L’artiste Serge Smulevic, rescapé d’Auschwitz, évoque les couleurs du camp.
J’ai souvent constaté que des tableaux ou dessins concernant les camps et la déportation ont souvent été traduits par des couleurs grises et tristes. Les artistes, qu’ils aient été déportés ou non, établissaient toujours une relation de cause à effet entre la déportation et la grisaille. Je dois les détromper. Tous ceux qui allaient travailler hors des camps ont toujours eu l’occasion de traverser ou de longer des champs. Dès le printemps, les champs se garnissaient de plantes diverses, et en été nous pouvions admirer les coquelicots rouges qui nous rappelaient tant de souvenirs.
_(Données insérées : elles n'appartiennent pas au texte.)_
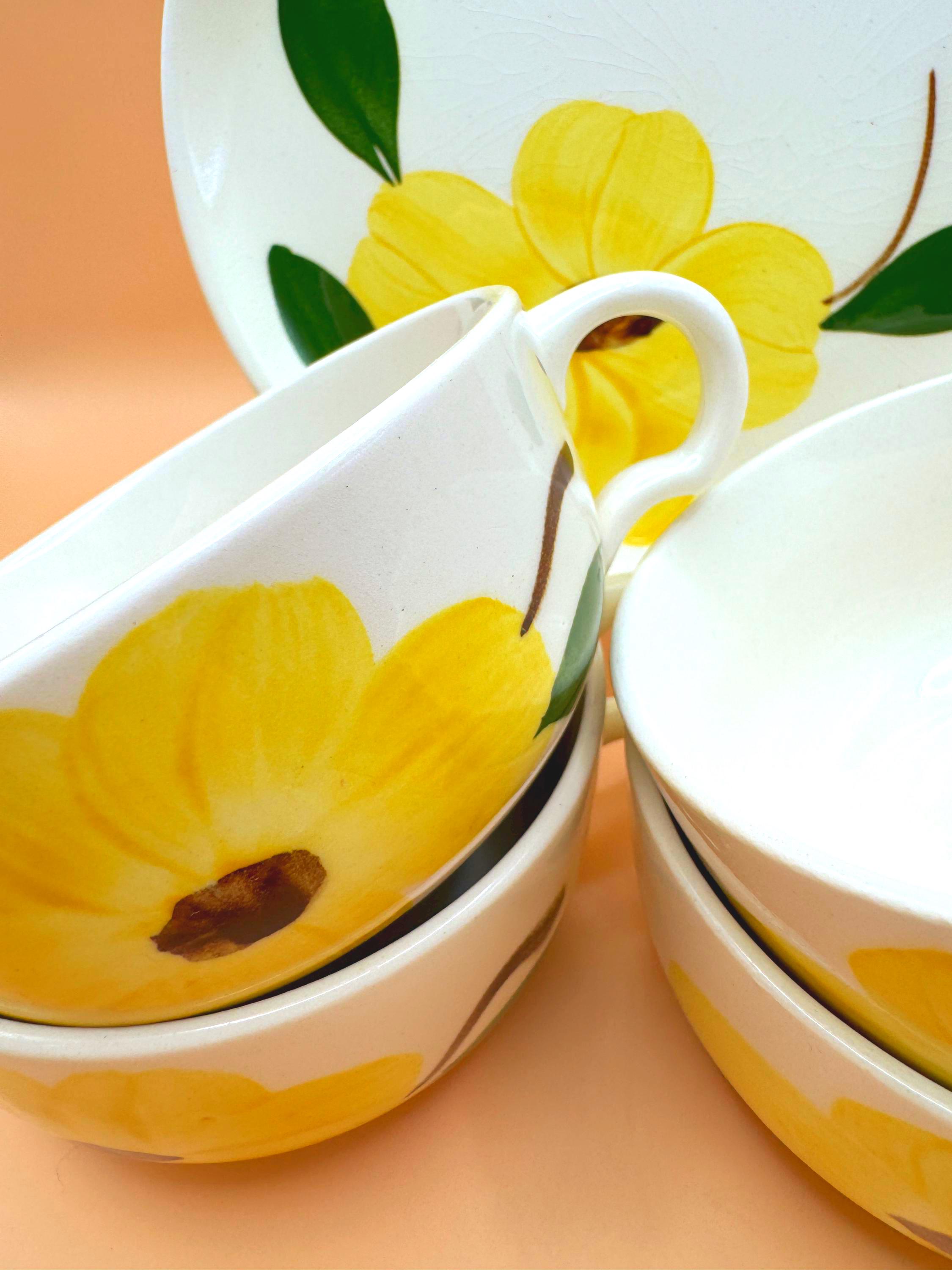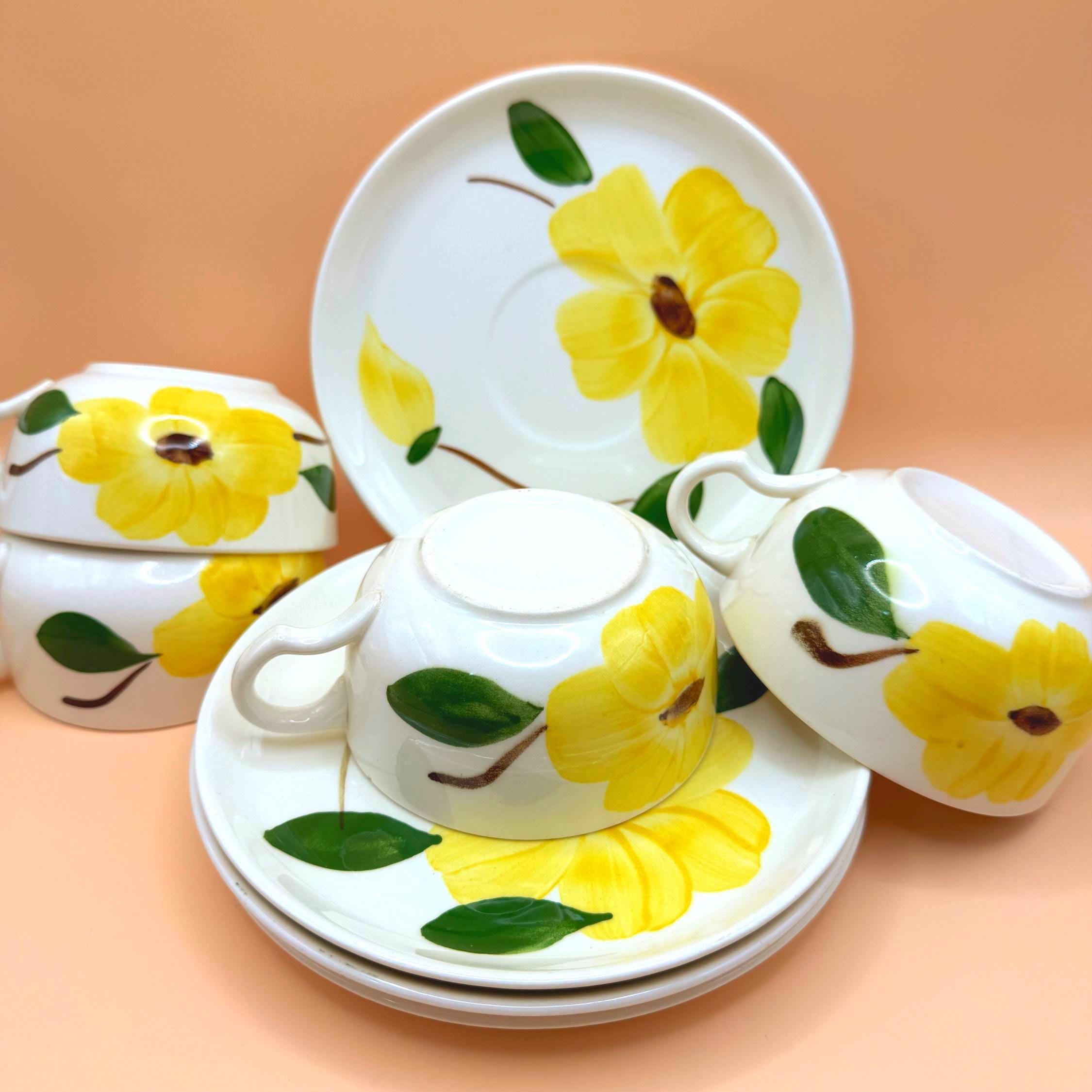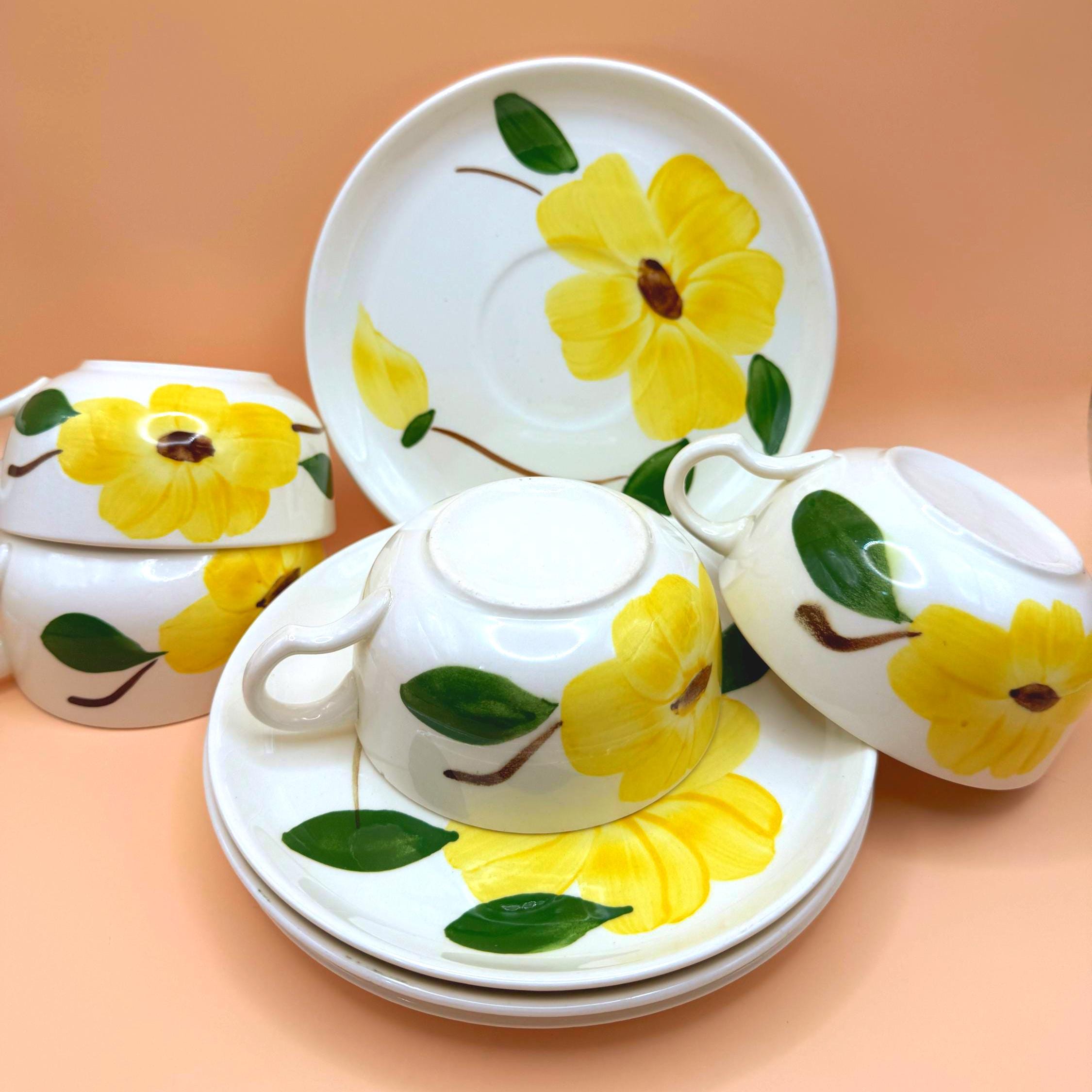 Bright, cheerful, and full of mid-century charm, this vintage pottery tea set features hand-painted yellow flowers with green leaves on a soft white glaze. The painterly floral style, visible crazing, and subtle glaze variations are characteristic of mid-20th-century hand-finished pottery, giving the set warm, authentic vintage character.
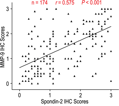 Both the extent and intensity of immunostaining were taken into consideration when analyzing the data. The intensity of staining was scored from 0 to 3, and the extent of staining was scored from 0% to 100%. The final quantitation of each staining was obtained by multiplying the two scores. Spondin-2 expression was classified as high expression if the score was higher than the median score of 1.1, if the score was 1.1 or less, the case was classified as low expression. MMP-9 expression was considered high if the score was higher than 1.4 (Supplementary Figure 1).
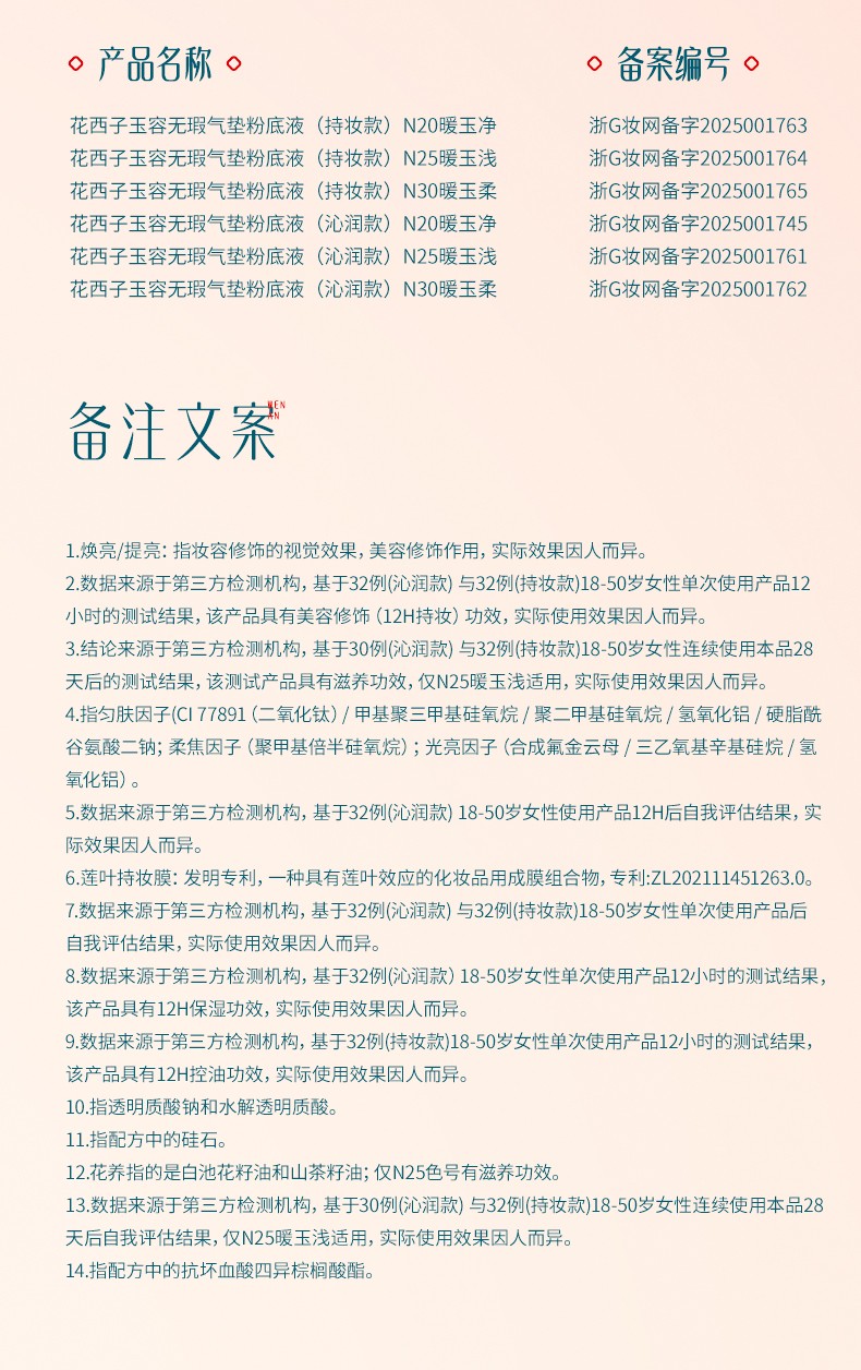 花西子 玉容无瑕气垫粉底液-持妆款-N25暖玉浅-11g*2(一正一替)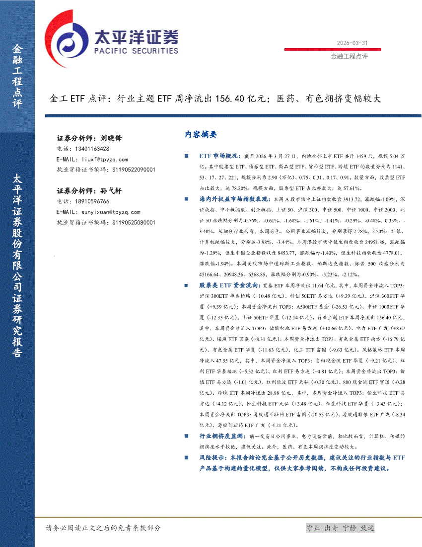 太平洋证券-金工ETF点评:行业主题ETF周净流出156.40亿元;医药、有色拥挤变幅较大-260331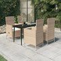 ¡Este elegante juego de comedor para jardín está destinado a ser el centro de atención del jardín o patio! ¡Es una opción genial para comer o relajarse al aire libre! Las estructuras de acero con recubrimiento en polvo hacen que la mesa y las sillas sean robustas y estables para usar a diario en exteriores. Gracias al ratán PE resistente al agua, las sillas son fáciles de limpiar y resistentes. El respaldo se reclina tirando del botón del lateral. Gracias a la construcción ligera, son fáciles de mover. Los cojines de asiento acolchados también dan un plus de comodidad. Las fundas de poliéster apernas necesitan cuidados y se pueden quitar para lavarlas. Asimismo, la lisa superficie de vidrio se limpia fácilmente con un paño húmedo y es perfecta para colocar comida, bebida y otros artículos decorativos. Nota: Para prolongar la vida de tus muebles de exterior, te recomendamos que los protejas con una funda impermeable.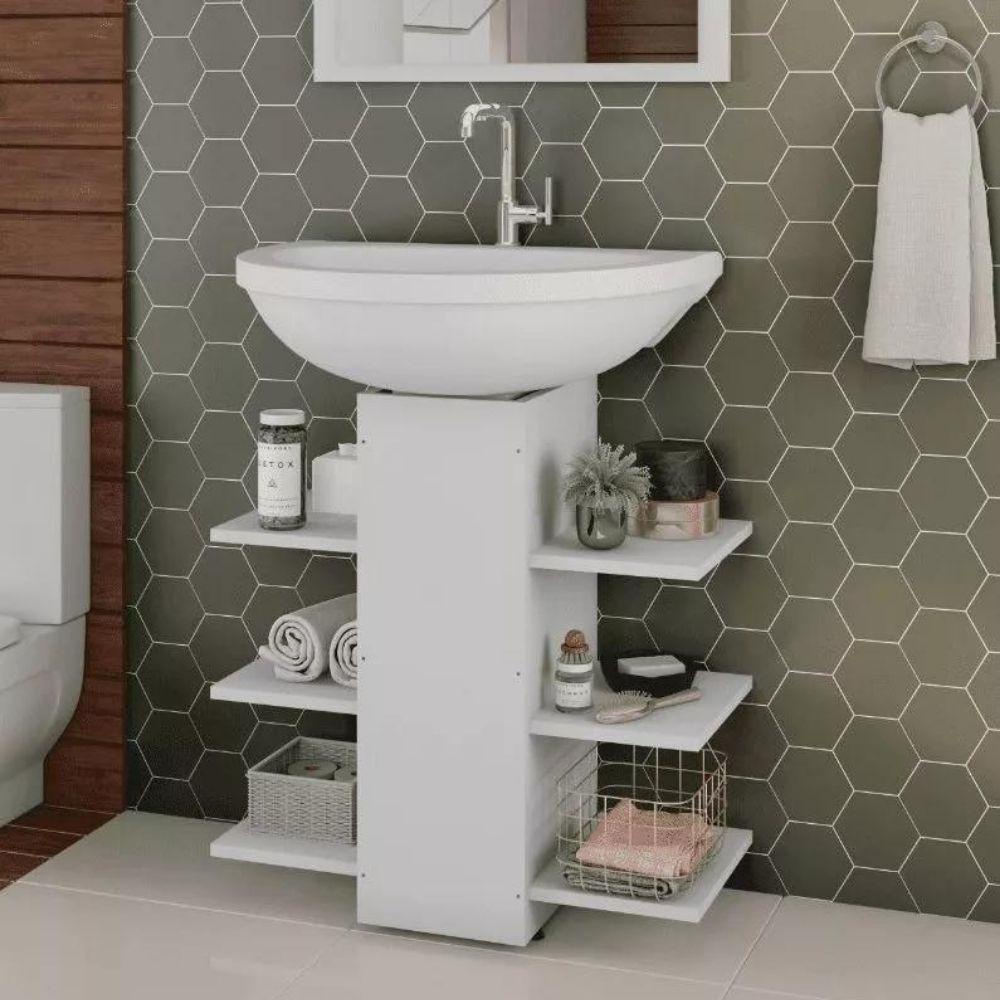 Gabinete Armário De Banheiro Para Pia De Coluna 6 Prateleiras Verçosa Branco Branco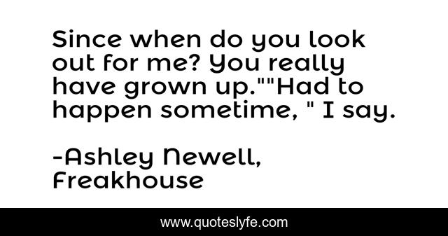 This page presents the quote "Since when do you look out for me? You really have grown up.""Had to happen sometime, " I say.". Author of this quote is Ashley Newell, Freakhouse. .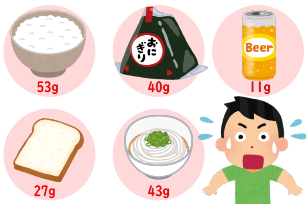 ごはん中盛で53g、コンビニおにぎり40g、ビール500mlは11g、6枚切り食パン27g、うどん43g…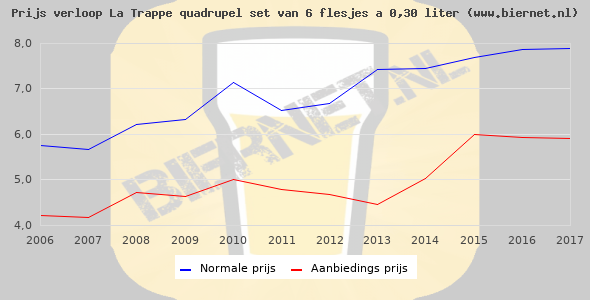 De gemiddelde prijs van een set van 6 flesjes á 0,30 liter van La Trappe Quadrupel is niet bekend. De gemiddelde prijs van La Trappe Quadrupel in de winkel is niet bekend.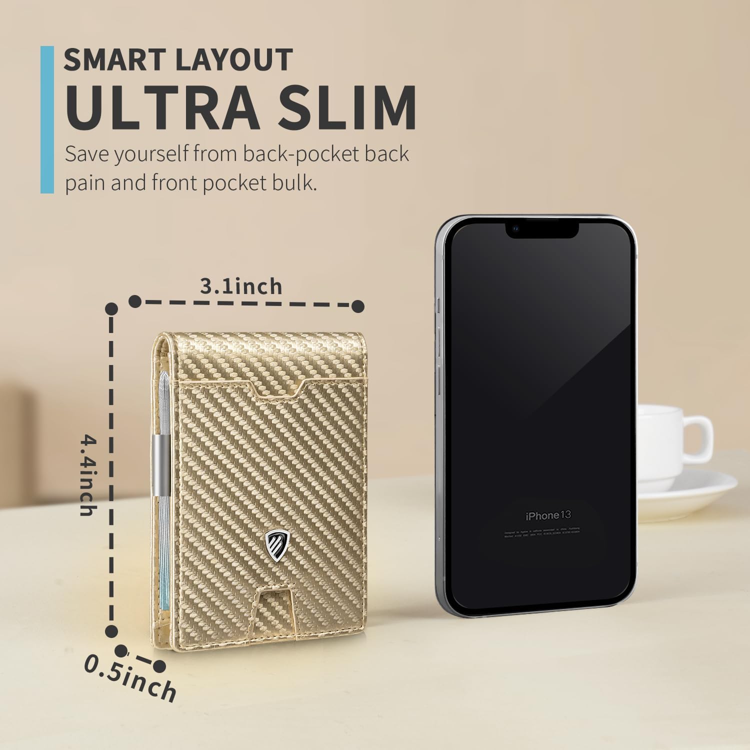 - Slim Wallet for Men - The Minimalist wallet being 1/2 inches thicks, sized 4.4" x 3.1" with money clip has 11 card slots which can store up to 15 cards. The thin wallet for men perfectly fits in your pocket and well-suited for everyday carry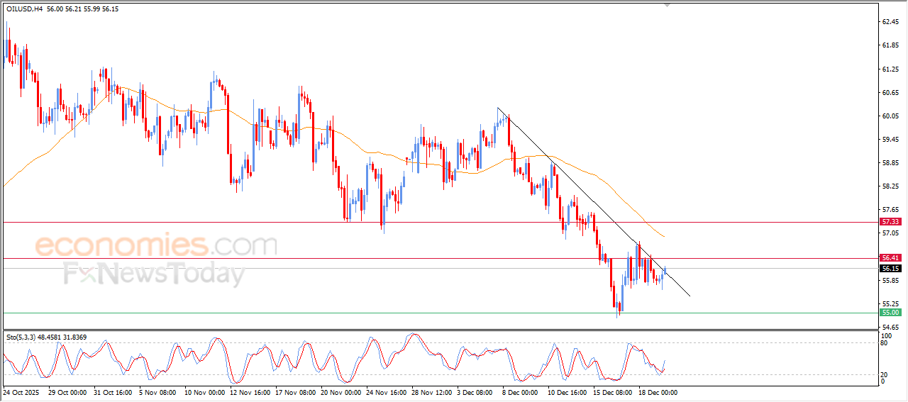 The price of (crude oil) rose in its last intraday trading, supported by the emergence of the positive signals on the relative strength indicators, after reaching oversold levels, testing a steep minor bearish trend line on the short-term basis, amid the continuation of the dynamic negative pressure that is represented by its trading below EMA50, reducing the chances of sustainable recovery on the near-term basis.
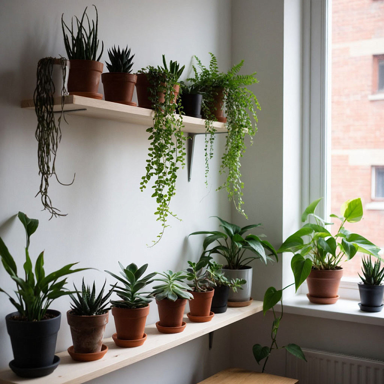- Комбинирование растений: Сочетание растений различных видов и размеров позволяет создавать многоуровневые и динамичные композиции. Сочетание крупных растений с небольшими суккулентами или папоротниками обогащает интерьер.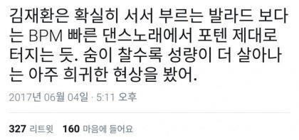 나는 재환이 롹 언제 제대로 부르는거 듣고싶어 완전 잘어울릴거가테 ㅜㅜ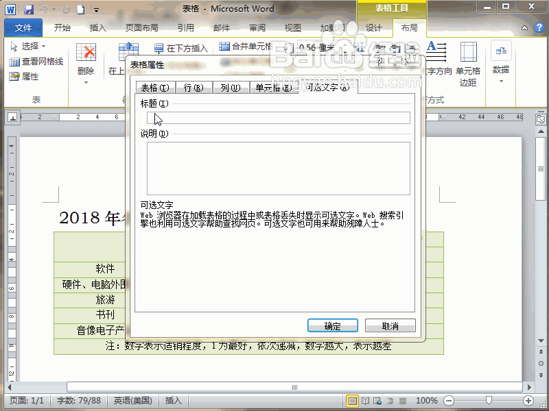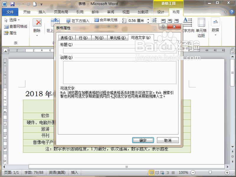 3、彈出表格屬性對話框,點擊可選文字選項卡,把光標定位在標題下方的文本框里。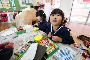 年少組さんは紙粘土や廃材を利用して,食べ物の製作をしています。パスタやハロハロを作っているお友だちもいました。おいしくできると良いですね。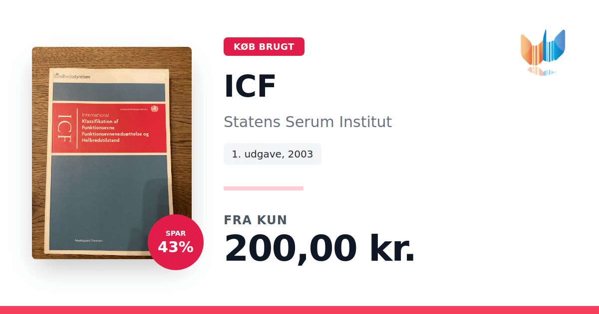 Lige nu kan du købe "ICF" af Statens Serum Institut til kun 200,00 kr. Du sparer hele 43% af nyprisen! Bogen du ser her er brugt, og i perfekt stand. Vi har i øjeblikket kun et enkelt eksemplar til salg af "ICF", så slå til mens du kan!

Que ce soient ces coquelicots, des arbustes ou n’importe quelle autre végétation, nous avions de quoi faire vagabonder notre imagination et non seulement penser au passé mais surtout à l’avenir, et on ne peut se rendre compte à quel point ces fleurs ou arbres nous ont donné de l’espoir, et qu’eux aussi nous ont aidé à vivre.
Serge Smulevic,
Je pense souvent à cela et j’essaye de me rappeler les différentes sortes de plantes que nous avons cueillies le long des routes,au risque de recevoir une bonne raclée, car il était également interdit, « streng verboten » de se nourrir d’herbes ou de plantes parce que nous attrapions vite la diarrhée en les mangeant. Par contre si on avait la chance de trouver du crottin de cheval, on le ramassait et une fois rentrés au camp on le triait pour y trouver l’avoine que le cheval avait mangé. Et on se débrouillait pour le faire cuire chez quelqu’un qui avait la possibilité de le faire, et on obtenait ainsi de « magnifiques » flocons d’avoine. Quand je pense qu’aujourd’hui, il m’arrive de faire la grimace devant un plat de carottes… Tu me diras que ce sont de petits détails, mais cela faisait partie du quotidien. Bien sûr il y avait ceux pour qui toutes ces choses avaient perdu tout sens.
Et tous les autres qui y étaient sensibles n’osaient pas en parler de peur du ridicule, mais on décelait très bien dans leurs yeux la lueur d’espoir qu’un coquelicot tout rouge pouvait leur donner.